8. A machine learning-based dynamic monitoring system for tumor susceptibility, wherein the system implements the method as described in any one of claims 1 to 7, characterized in that, include: The module is used to acquire dynamic monitoring data of the subjects and transform the dynamic monitoring data into a spatial discrete set in three-dimensional space. Each unit in the spatial discrete set contains spatial coordinate parameters, time parameters, and Doppler frequency shift feature parameters. The fitting module is used to fit the spatial coordinate parameters of all units in the spatial discrete set and construct a spatial trend feature analytical hypersurface. The partitioning module is used to determine a boundary-constrained four-dimensional domain based on the projected boundaries of each unit in the spatial discrete set on the spatial trend characteristic analytical hyperface. Based on the projection clustering density distribution of the spatial coordinate parameters of each unit in the spatial discrete set onto the spatial trend feature analysis hyperplane, the boundary constraint four-directional domain is partitioned to obtain multiple grid point heterogeneous partitioning blocks. The computation module is used to map each unit in the spatial discrete set to the corresponding grid point heterogeneity partitioning block to obtain a discrete subset of belonging features; Extract the distribution moment features of the Doppler frequency shift feature parameters of each discrete attribution feature subset, and calculate the local heterogeneity adjustment parameter; The separation module is used to weight and aggregate all local heterogeneity adjustment parameters to generate a global adaptive compensation quantity. Based on the global adaptive compensation amount, the spatial discrete set is separated to obtain a dynamic component feature subset; The output module is used to sort the Doppler frequency shift feature parameters in the dynamic component feature subset by time and input them into a pre-trained improved dense connection network model to obtain the dynamic monitoring results of tumor susceptibility.

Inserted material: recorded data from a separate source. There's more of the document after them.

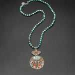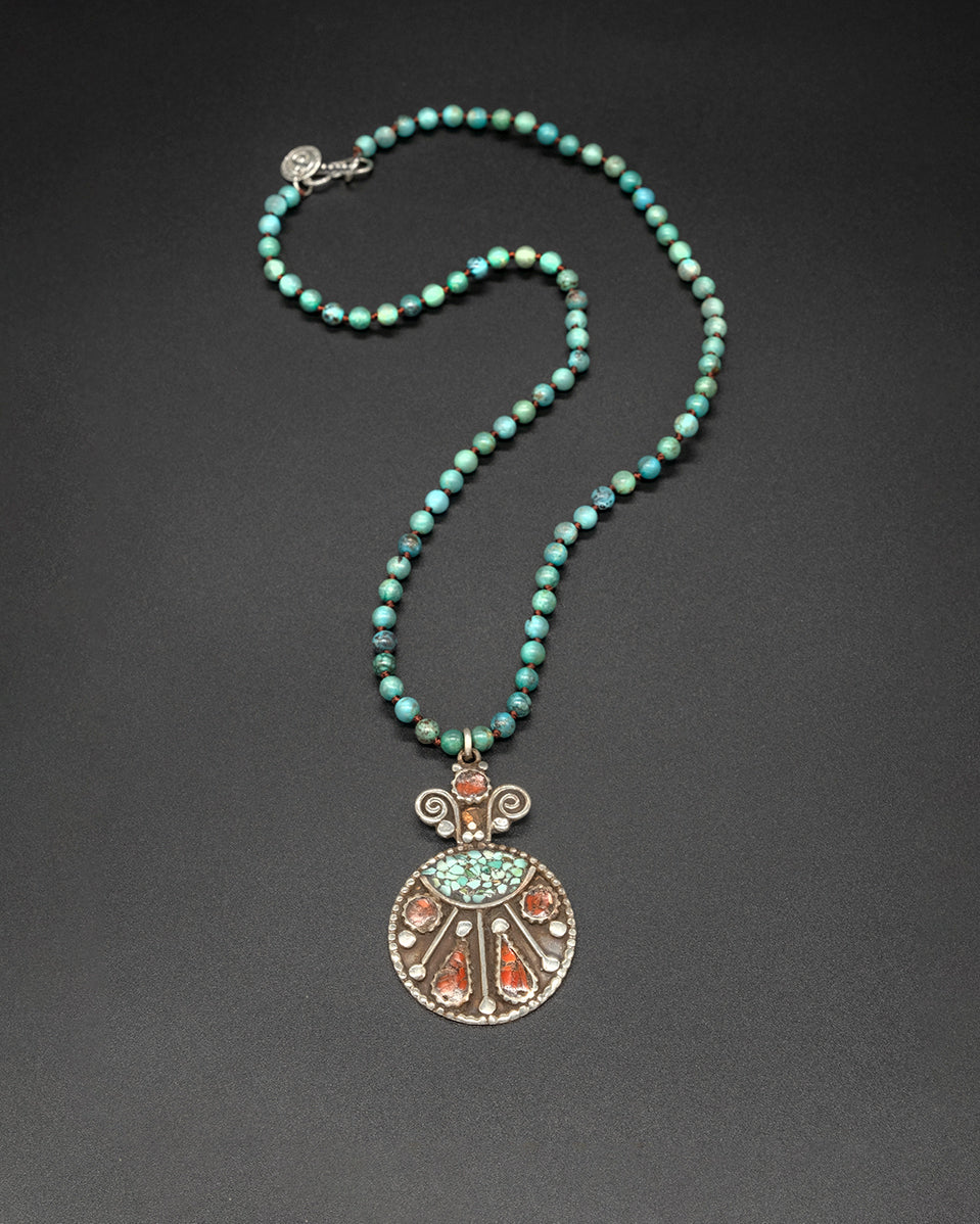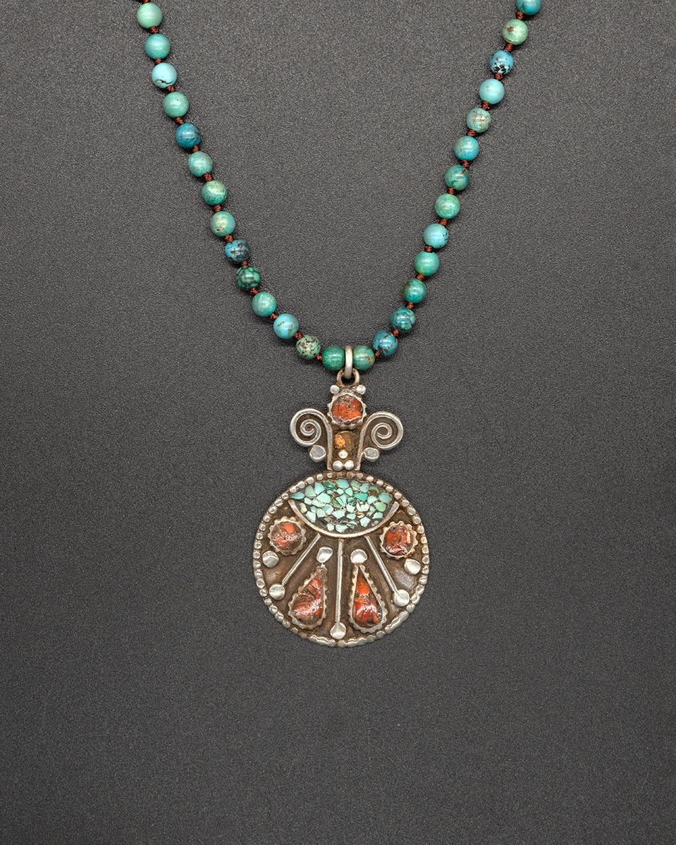 This piece features a vintage brass spiral adorned with coral and turquoise, gracefully set on an Arizona turquoise chain. Earthy and timeless, it reflects artisanal beauty and quiet strength.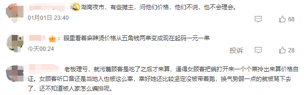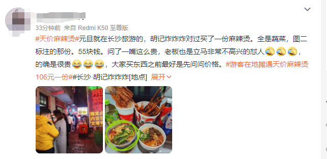 对此,有网友称“别看了,长沙自己人在长沙都要被宰”“眼看着麻辣烫从五角两串变成现在起码一元一串”;还有网友表示“湖南夜市,有些摊主,问他们价格,他们不说,也不理会”“元旦在长沙旅游买过一份麻辣烫全是菜55元钱问了一嘴怎么这么贵,老板立马非常不高兴的怼人”;也有网友指出“敢于维护自己的利益”。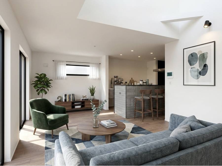 ゆとりある広々としたLDKは、上部に吹き抜けを設けることで広がりと開放感を演出しています。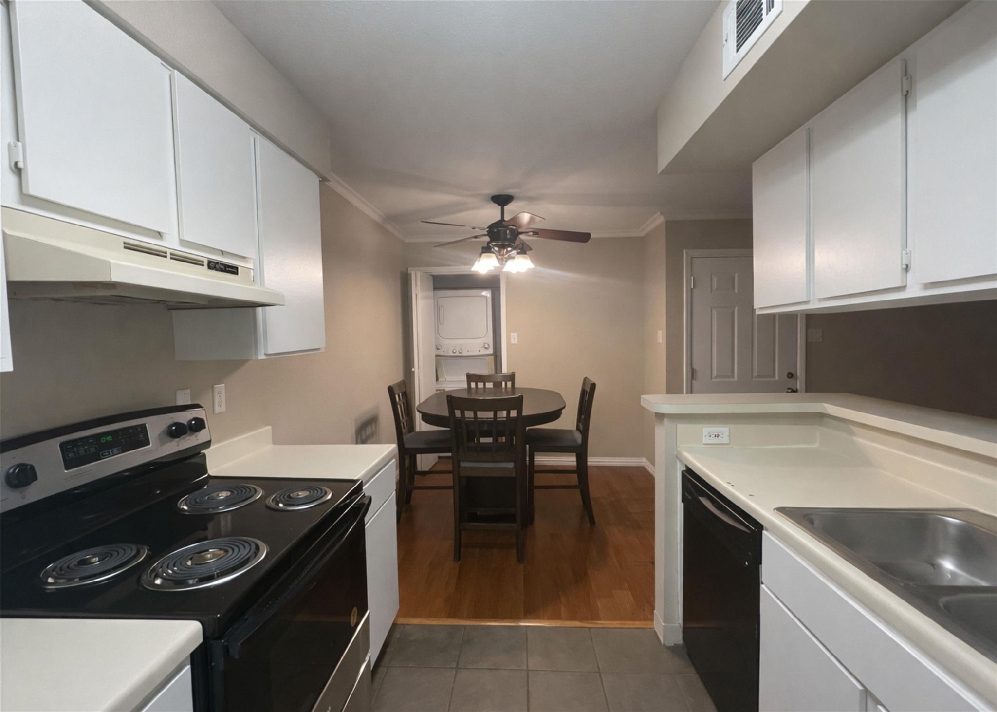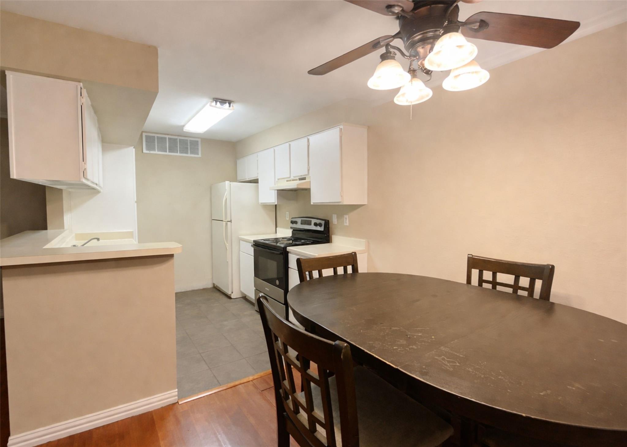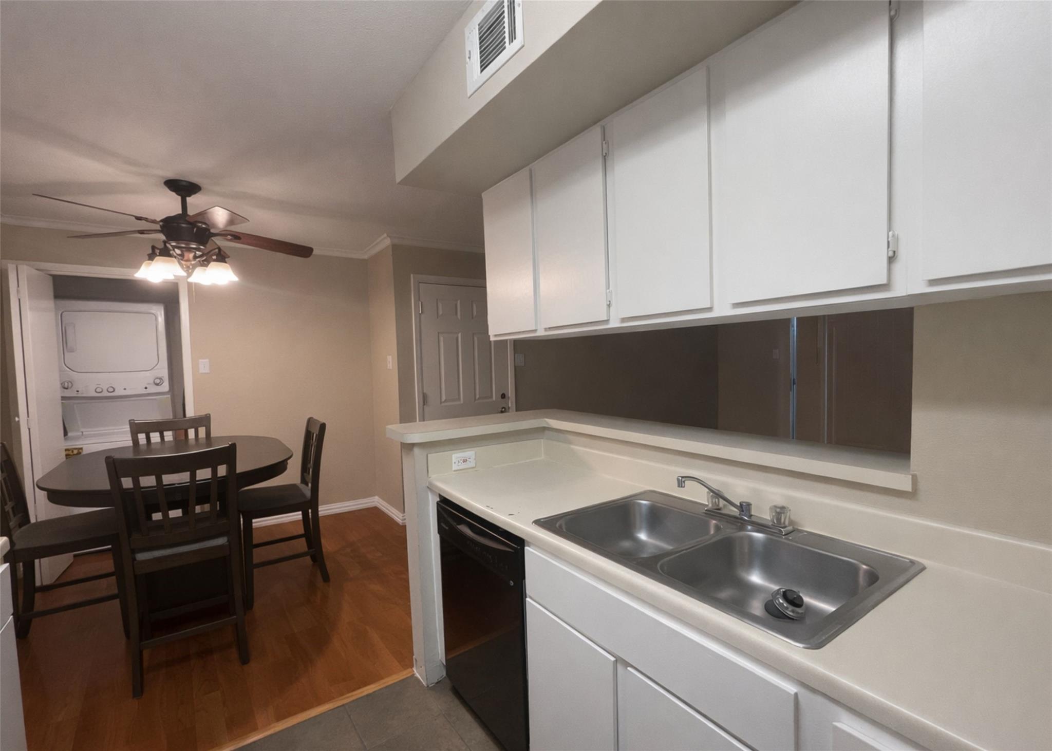Very charming 1-bedroom, 1-bath ground-level condo in a desirable corner building location! This inviting unit features an open living and kitchen layout with a cozy breakfast dining area, perfect for everyday living or entertaining. Enjoy the convenience of an inside utility room with a double-stack washer and dryer, plus all appliances included. Fresh interior paint and laminate wood flooring add warmth and style throughout. The updated bathroom showcases neutral tones and tasteful modern touches. Just steps from the community pool, surrounded by beautifully maintained grounds and landscaping. Includes 1 dedicated covered parking space. This one is a keeper!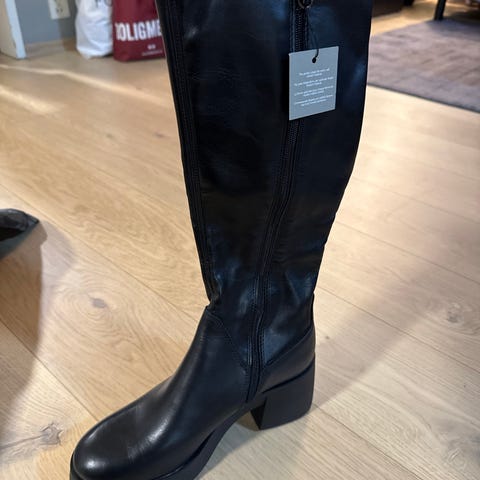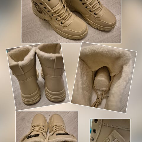 Gode, stilige vintersko / boots fra Black, str 38. Kun brukt to ganger. Mykt fôr, grov såle med godt grep, glidelås både langs innsiden og foran, så kan man velge hvordan man tar de av og på. Mykt, komfortabelt skaft.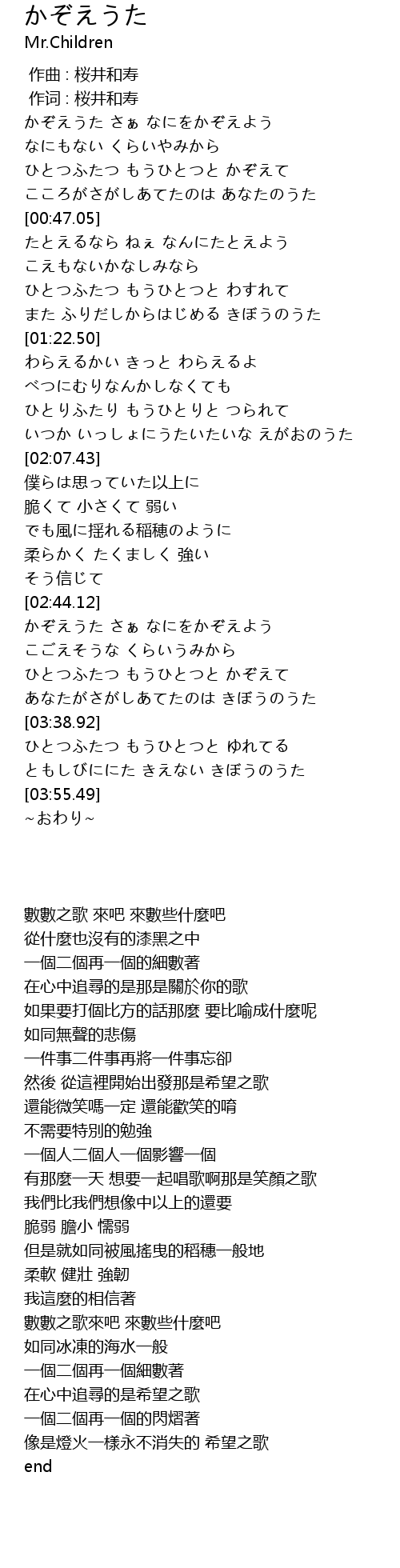 | [00:15.75] | かぞえうた さぁ なにをかぞえよう |

9. A computing device, characterized in that, include: One or more processors; A storage device for storing one or more programs, which, when executed by one or more processors, cause the one or more processors to implement the method as described in any one of claims 1 to 7.

10. A computer-readable storage medium, characterized in that, The computer-readable storage medium stores a program that, when executed by a processor, implements the method as described in any one of claims 1 to 7.